STORED DATA: Begin

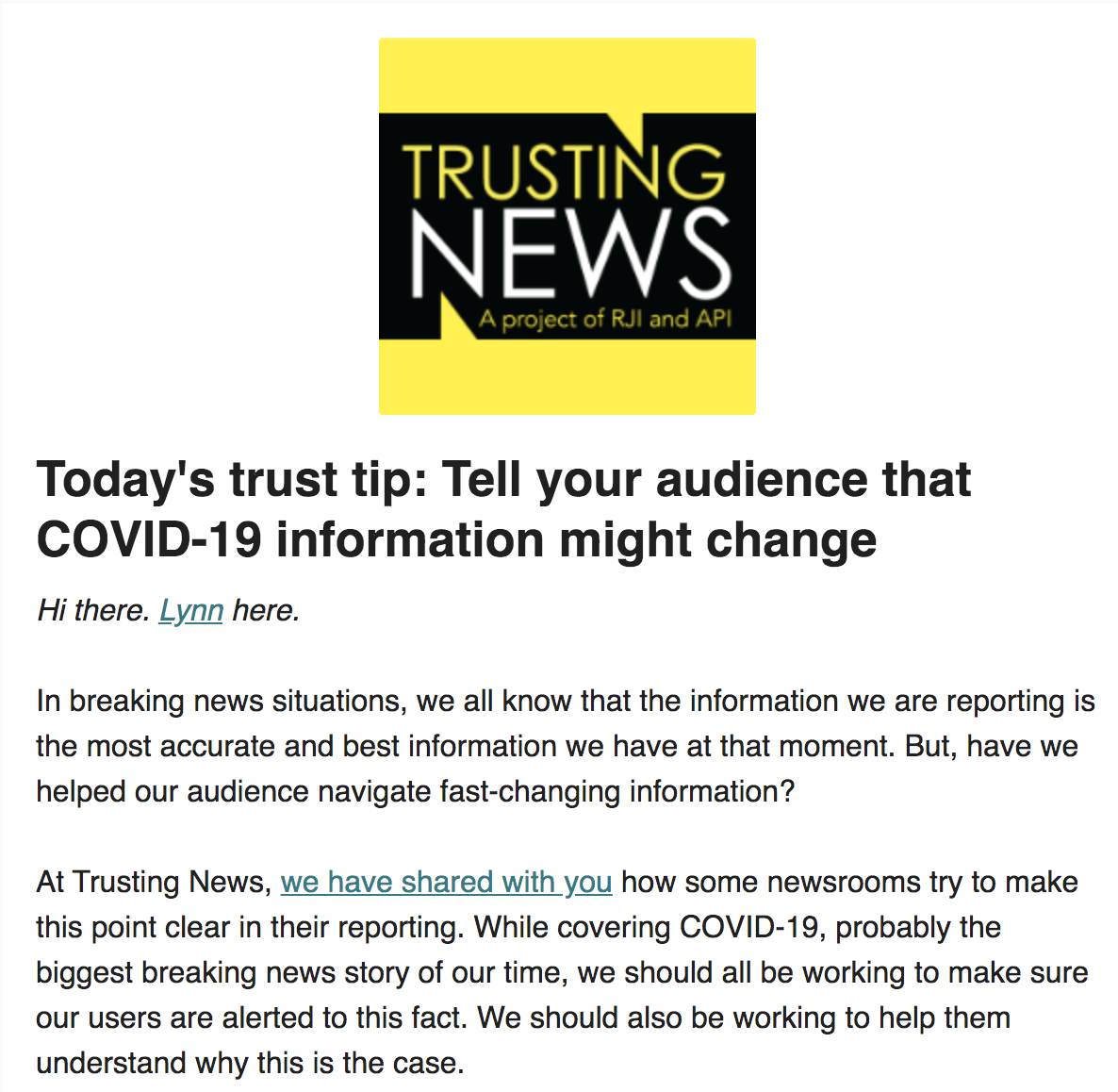 In breaking news situations, we all know that the information we are reporting is the most accurate and best information we have at that moment. But, have we helped our audience navigate fast-changing information? At Trusting News, we have shared with you how some newsrooms try to make this point clear in their reporting. While covering COVID-19, probably the biggest breaking news story of our time, we should all be working to make sure our users are alerted to this fact. We should also be working to help them understand why this is the case. More from this edition can be found here and to receive the tips in your inbox each week click here.
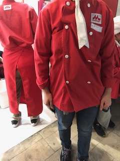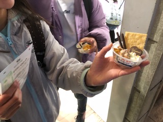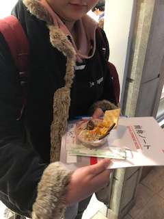 お菓子を作ります。制服が似合っています。おいしそうなお菓子ができて大喜びです。
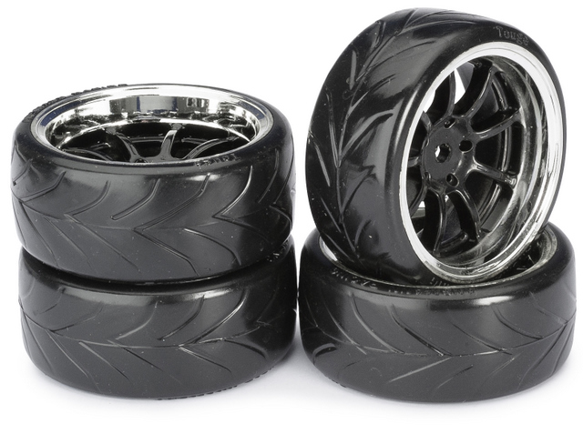Wheel Set Drift LP ” 9 Spoke / Profile A” black/chrome 1:10 (4 pcs)
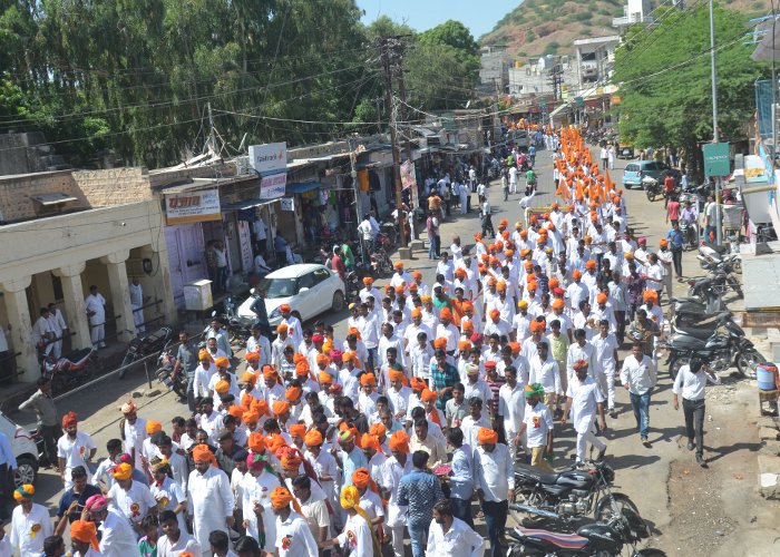 यात्रा में शामिल समाज के सदस्य केसरिया साफा बांधे हुए हाथ में केसरिया ध्वज लेकर शस्त्रों के साथ अलग-अलग टुकडिय़ों में रवाना हुए। यात्रा में घोड़ों पर केसरिया साफे, तलवार और राजपूती पोशाक के साथ सवार थे। रावत त्रिभुवनसिंह के नेतृत्व में राजपूत समाज के लोग केसरिया साफा पहने हुए कदम से कदम मिलाकर चल रहे थे। यात्रा गढ मंदिर रोड, गांधी चौक, स्टेशन रोड, अहिंसा सर्किल, अस्पताल रोड, रॉय कॉलोनी, तनसिंह सर्किल, सरदारपुरा होते हुए राणी रूपादे संस्थान पहुंची। मुख्य मार्गो में जगह-जगह पुष्प वर्षा कर शहरवासियों ने स्वागत किया। अपने आवास के बाहर विधायक मेवाराम जैन ने स्वागत किया।

STORED DATA: End

#### EXERCISE GOAL
All the material shown above is to be copied exactly, with no pictures carried over.

#### ANSWER FOR THE TASK
 In breaking news situations, we all know that the information we are reporting is the most accurate and best information we have at that moment. But, have we helped our audience navigate fast-changing information? At Trusting News, we have shared with you how some newsrooms try to make this point clear in their reporting. While covering COVID-19, probably the biggest breaking news story of our time, we should all be working to make sure our users are alerted to this fact. We should also be working to help them understand why this is the case. More from this edition can be found here and to receive the tips in your inbox each week click here.
 お菓子を作ります。制服が似合っています。おいしそうなお菓子ができて大喜びです。
Wheel Set Drift LP ” 9 Spoke / Profile A” black/chrome 1:10 (4 pcs)
 यात्रा में शामिल समाज के सदस्य केसरिया साफा बांधे हुए हाथ में केसरिया ध्वज लेकर शस्त्रों के साथ अलग-अलग टुकडिय़ों में रवाना हुए। यात्रा में घोड़ों पर केसरिया साफे, तलवार और राजपूती पोशाक के साथ सवार थे। रावत त्रिभुवनसिंह के नेतृत्व में राजपूत समाज के लोग केसरिया साफा पहने हुए कदम से कदम मिलाकर चल रहे थे। यात्रा गढ मंदिर रोड, गांधी चौक, स्टेशन रोड, अहिंसा सर्किल, अस्पताल रोड, रॉय कॉलोनी, तनसिंह सर्किल, सरदारपुरा होते हुए राणी रूपादे संस्थान पहुंची। मुख्य मार्गो में जगह-जगह पुष्प वर्षा कर शहरवासियों ने स्वागत किया। अपने आवास के बाहर विधायक मेवाराम जैन ने स्वागत किया।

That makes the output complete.